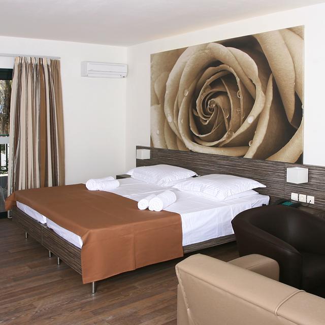 Het witte zandstrand beschikt over comfortabele ligbedjes waar je lekker kunt wegdromen onder de Griekse zon, of neem een verkoelende duik in het buitenzwembad. Na afloop kom je helemaal tot rust in het uitgebreide wellnesscenter.
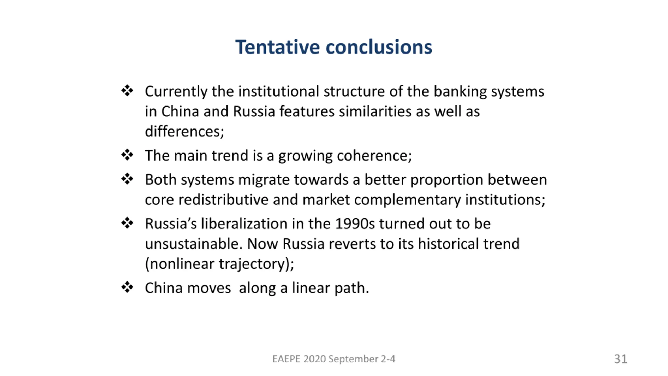 Tentative conclusions Currently the institutional structure of the banking systems in China and Russia features similarities as well as differences; The main trend is a growing coherence; Both systems migrate towards a better proportion between core redistributive and market complementary institutions; Russia s liberalization in the 1990s turned out to be unsustainable. Now Russia reverts to its historical trend (nonlinear trajectory); China moves along a linear path. 31 EAEPE 2020 September 2-4
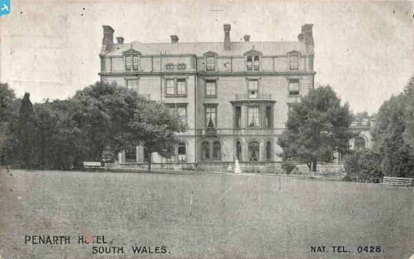 WPW008625 WALES (1923). View of Penarth showing St Augustine's church and Penarth Hotel, oblique aerial view. 5"x4" black and white glass plate negative.
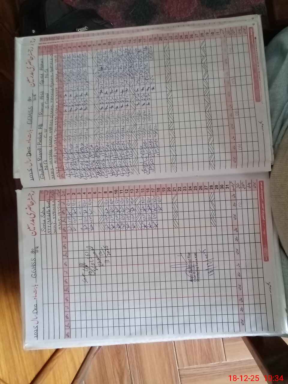 | CNIC | Full Name | Designation | R/C | Absence During Last Calender Month |
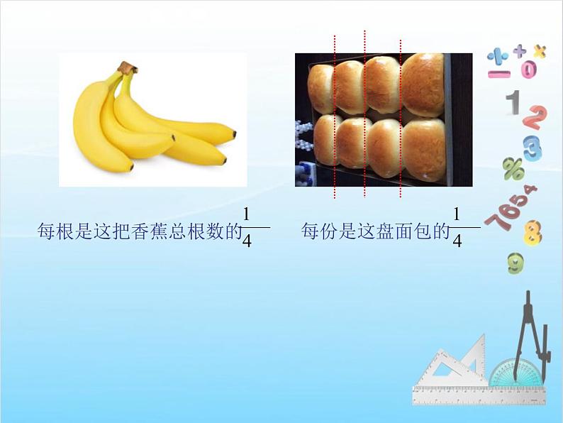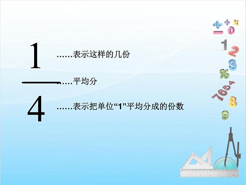 一个物体、一个计量单位和一些物体等都可以看作一个整体。把这个整体平均分成若干份,这样的一份或几份都可以用分数来表示。
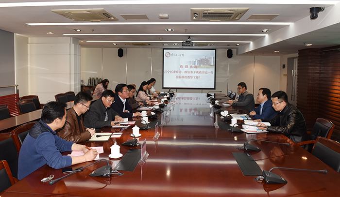 于茂高书记从“校领导高度重视、创建工作成体系、安全文化氛围浓郁、校地合作成效显著”等方面高度评价了永利官网平安校园示范校的创建工作和校园治理工作。他表示,此行充分感受到304am永利集团切切实实做到了育人工作和综合治理工作“两手抓、两促进”,有很多做法值得江宁区学习。全要素网格化是江苏正在着力打造的社会治理新体系,也是江宁相关部门的工作重点,他希望学校能够在社区网格员培训、将学校应急指挥系统融入地方“雪亮工程”以及法制宣传教育、社区矫正等方面与江宁区有更多的合作。
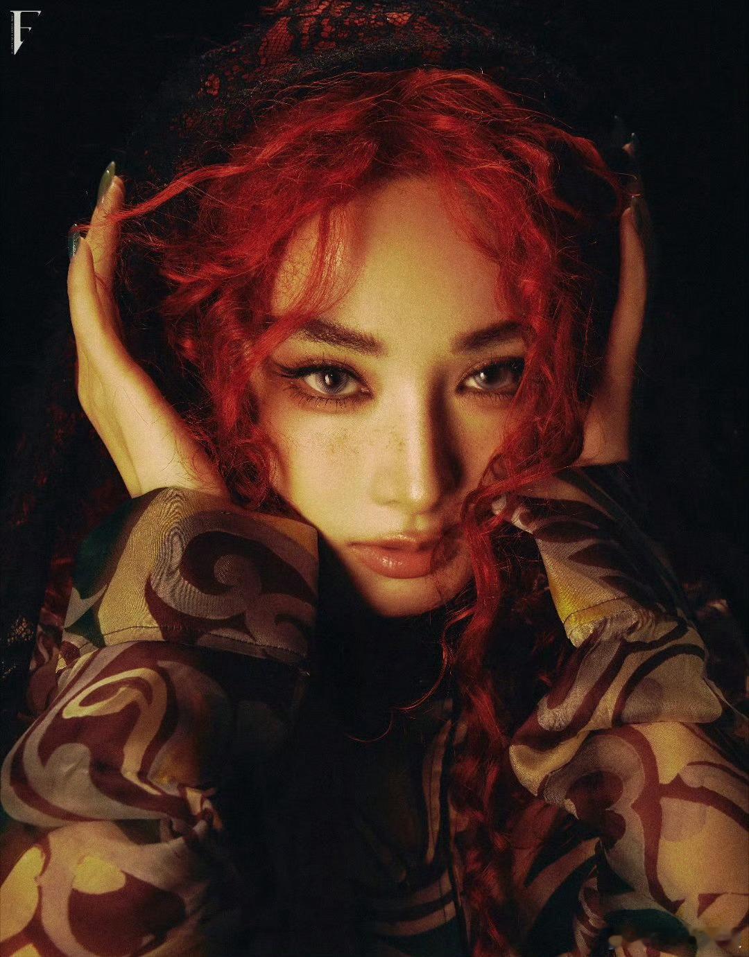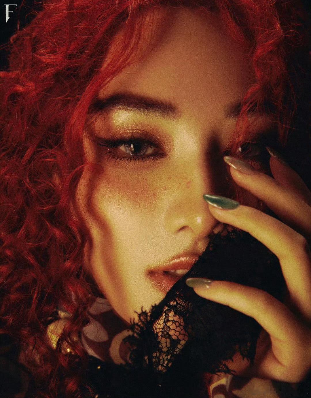 虞书欣新年写真又甜又辣虞书欣新年写真 黑发红装造型亮眼,露肩设计添性感,甜辣氛围
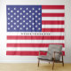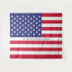 Cúbrelo en tu pared, úsalo como manta o fondo para fotos, esta alfombra presenta un diseño patriótico de la bandera americana en rayas rojas y blancas y estrellas blancas sobre azul. Personaliza con un nombre en el centro. Perfecto para fiestas de retiro militar y cumpleaños con tema patriótico. Diseñado por el artista de renombre mundial ©Tim Coffey.

■ ■ ■ ■ ■

● **What the exercise asks**: Write out exactly the run of lines above that starts at the line containing "一个物体、一个计量单位和一些" and ends at the line containing "虞书欣新年写真又甜又辣虞书欣". Include both, and leave the pictures out.

● **The answer**:
 一个物体、一个计量单位和一些物体等都可以看作一个整体。把这个整体平均分成若干份,这样的一份或几份都可以用分数来表示。
 于茂高书记从“校领导高度重视、创建工作成体系、安全文化氛围浓郁、校地合作成效显著”等方面高度评价了永利官网平安校园示范校的创建工作和校园治理工作。他表示,此行充分感受到304am永利集团切切实实做到了育人工作和综合治理工作“两手抓、两促进”,有很多做法值得江宁区学习。全要素网格化是江苏正在着力打造的社会治理新体系,也是江宁相关部门的工作重点,他希望学校能够在社区网格员培训、将学校应急指挥系统融入地方“雪亮工程”以及法制宣传教育、社区矫正等方面与江宁区有更多的合作。
 虞书欣新年写真又甜又辣虞书欣新年写真 黑发红装造型亮眼,露肩设计添性感,甜辣氛围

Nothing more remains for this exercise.